START Data to examine

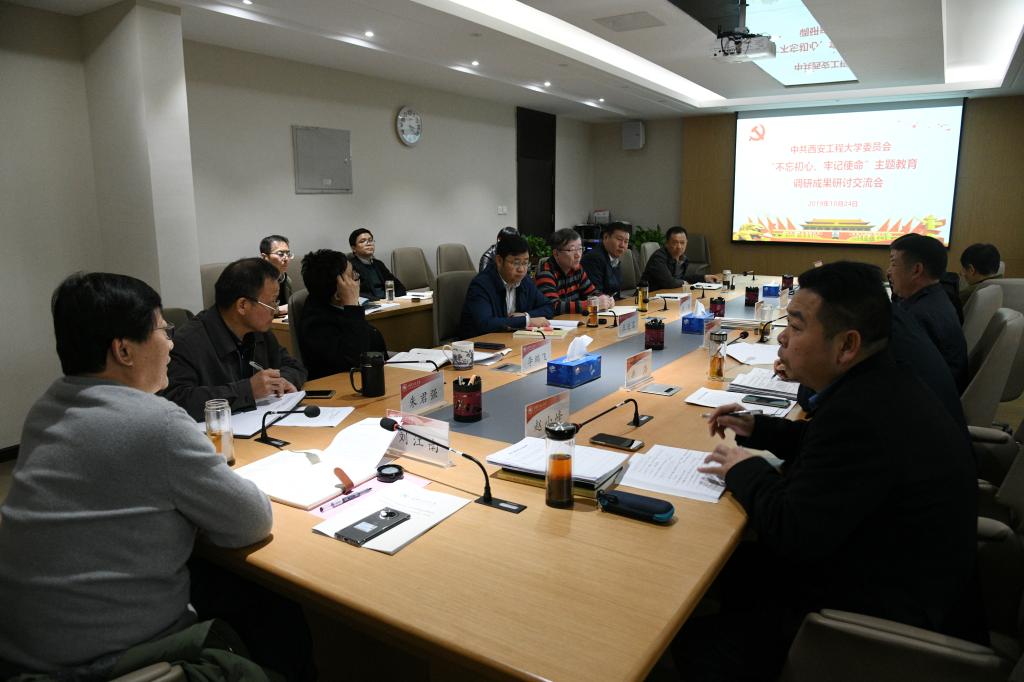 10月24日,西安工程大学在临潼校区第三会议室召开“不忘初心、牢记使命”主题教育调研成果研讨交流会。分管学校学科建设、人才队伍建设、后勤服务工作的校领导汇报了在学校“不忘初心、牢记使命”主题教育中,在各自分管领域工作的调研成果和工作思考,重点就工作现状、存在问题、发展思路、改进举措等进行了剖析。校党委书记刘江南主持会议并就三项工作的改进和发展提出了指导意见,并表示:问题是时代的呼声,也是工作的推进...
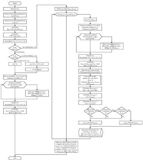 The equality of the two properties functions in Equation (18) can be solved through an iterative process, providing [Pa]. Knowing P3 value that satisfies, Equation (16), it is possible to obtain the specific enthalpy at the gas cooler inlet and outlet through Equations (5) and (7), respectively. Furthermore, it is possible to obtain the refrigerant mass flow rate from the gas cooler energy balance equation written as in Equation (8).
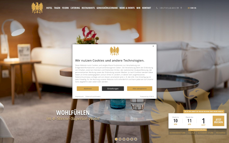 Entdecken Sie CCM19, den führenden Cookie Consent Manager für Hotels. Maßgeschneidert, um Ihre Datenschutzbedürfnisse zu erfüllen. Mehr Besucherzustimmung, echter Support und strikte Datensicherheit ohne Datenübertragung ins Ausland – nur mit CCM19.
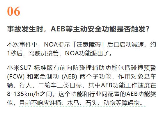 3 月 29 日夜,一辆小米 SU7 专业版在 NOA 当它打开时,它被驱动到一个施工路段。这条路用路桩封闭了这条车道,改变了线路到对面车道。但是车没有回过神来,撞上了隔离栏的水泥桩,然后着火了。
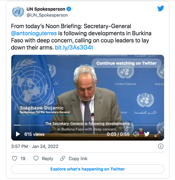 UN Secretary-General Antonio Guterres and the U.S. State Department both denounced the coup and called on members of the military to lay down their arms and address their concerns through dialog.
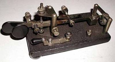 Here's a "bug," also called a "semi-automatic key." It is the Vibroplex "Lightning Bug," designed in 1906 or thereabouts and adopted also by the military as the J-39 (this one was made under license by the Lionel Electric Train Company - yes, that Lionel):
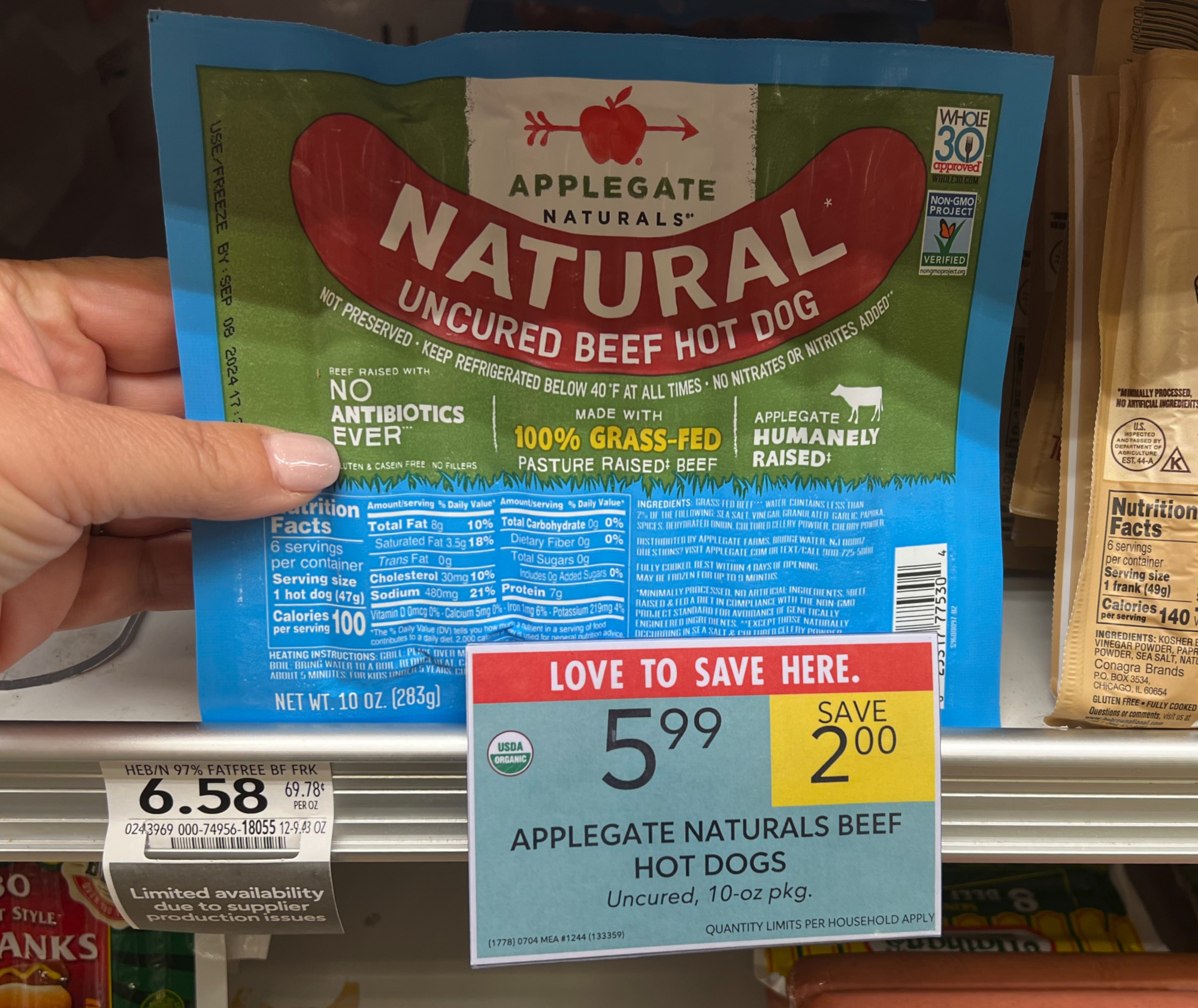 –$1/2 Applegate or Applegate Organics Hot Dogs (Ibotta Deposit) – Must buy 2 [Cannot be combined]
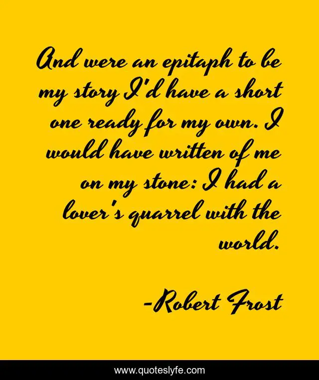 This page presents the quote "And were an epitaph to be my story I'd have a short one ready for my own. I would have written of me on my stone: I had a lover's quarrel with the world.". Author of this quote is Robert Frost. .
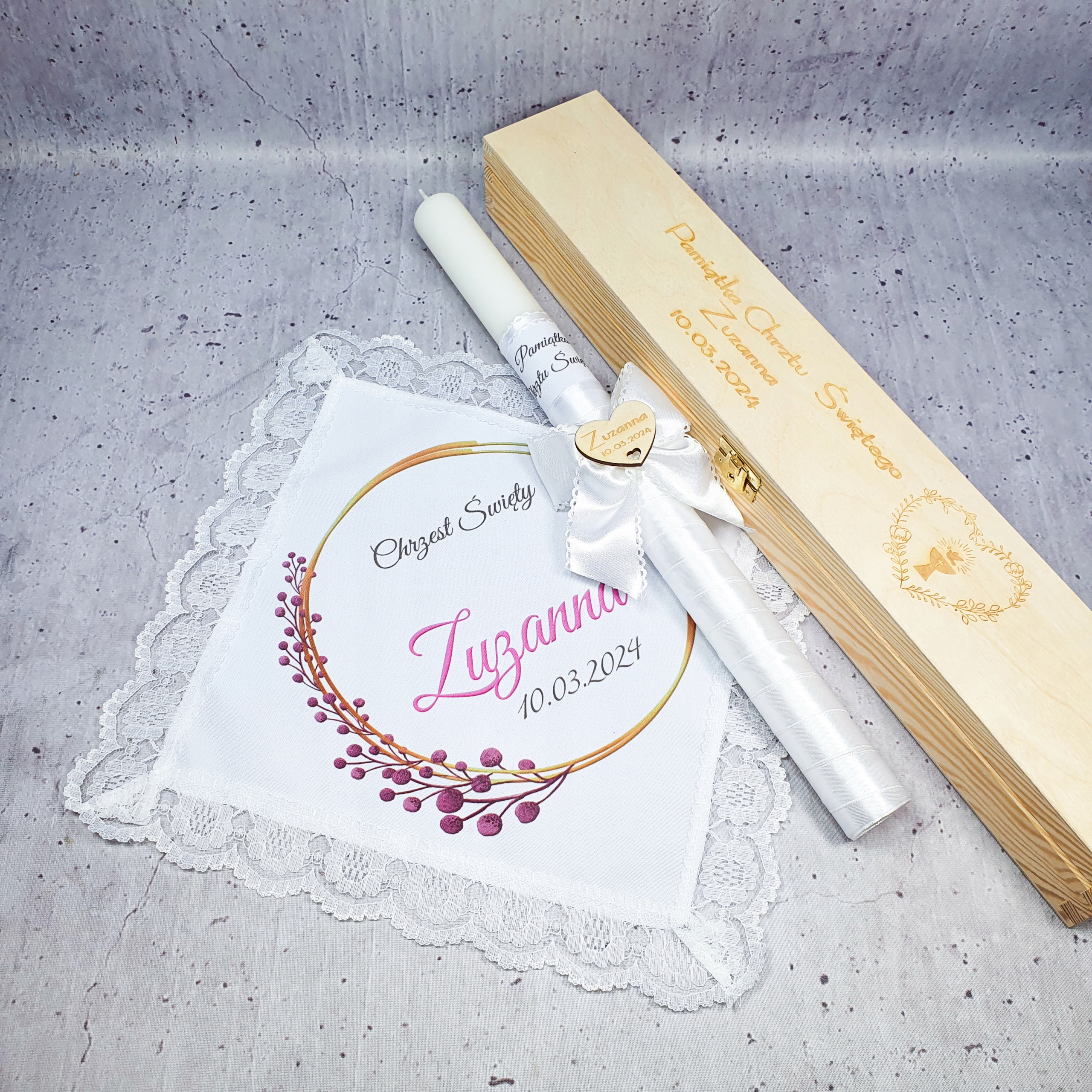 Изящный и тонкий комплект для Святого Крещения. Свеча с мотивом, декорированная вручную.Наши свечи украшены фурнитурой высочайшего качества, продуктом высокого класса, воском хорошего качества.
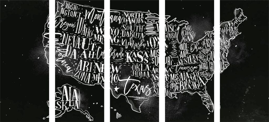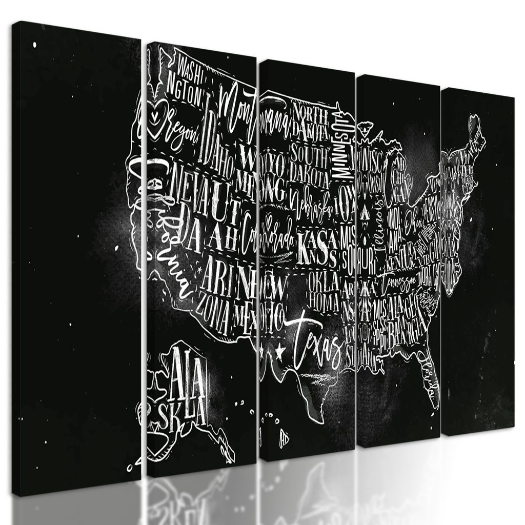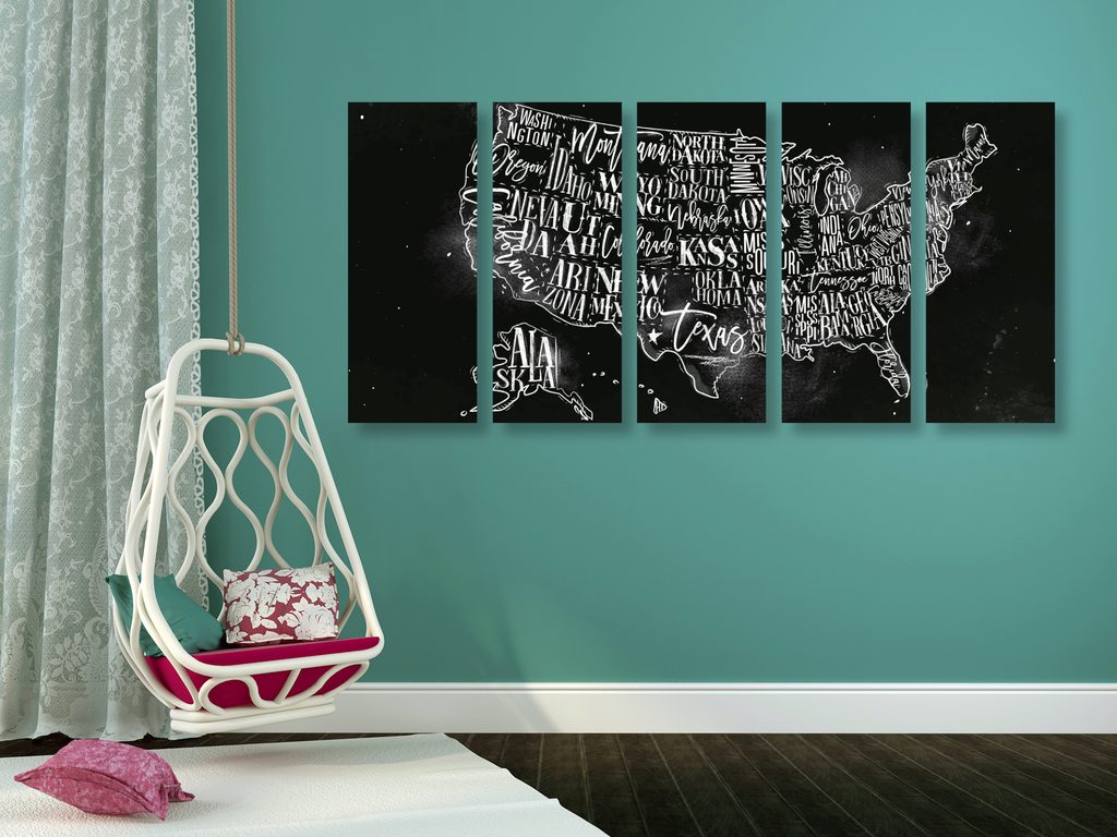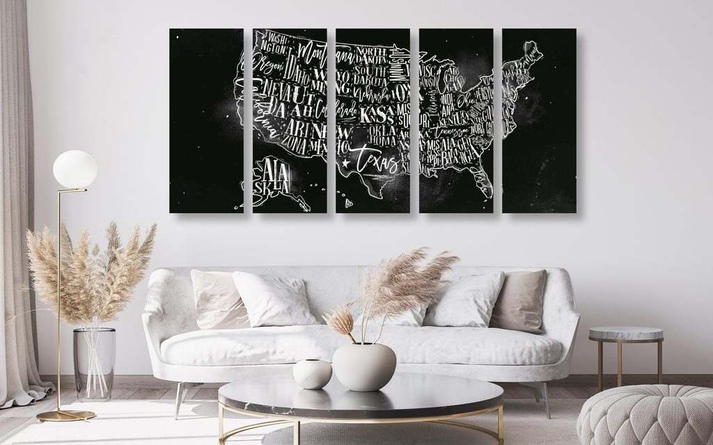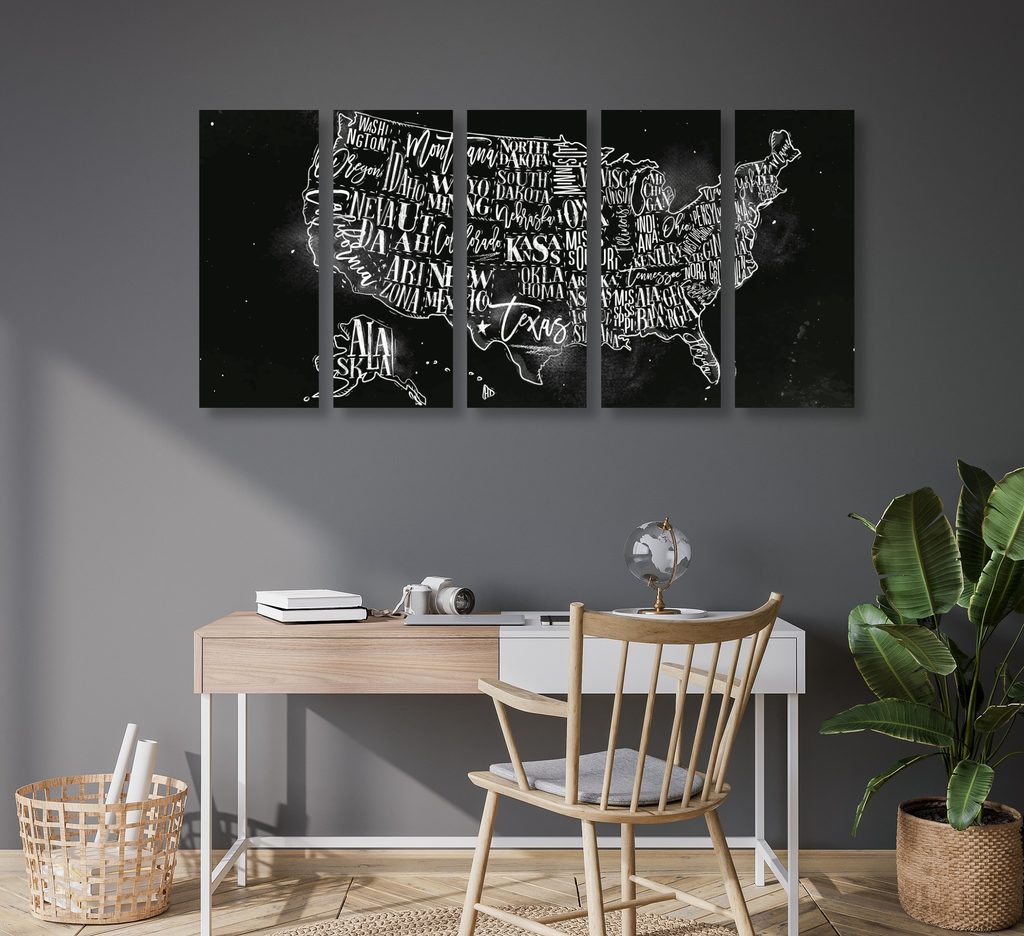 5-dielny obraz mapa sveta tvorená mnohouholníkmi v čiernobielom prevdení

END Data to examine

What you will do: Reproduce the records above exactly, but only from the line containing "Изящный и тонкий" through the last line, both included, and without any pictures.

Exercise response:
 Изящный и тонкий комплект для Святого Крещения. Свеча с мотивом, декорированная вручную.Наши свечи украшены фурнитурой высочайшего качества, продуктом высокого класса, воском хорошего качества.
 5-dielny obraz mapa sveta tvorená mnohouholníkmi v čiernobielom prevdení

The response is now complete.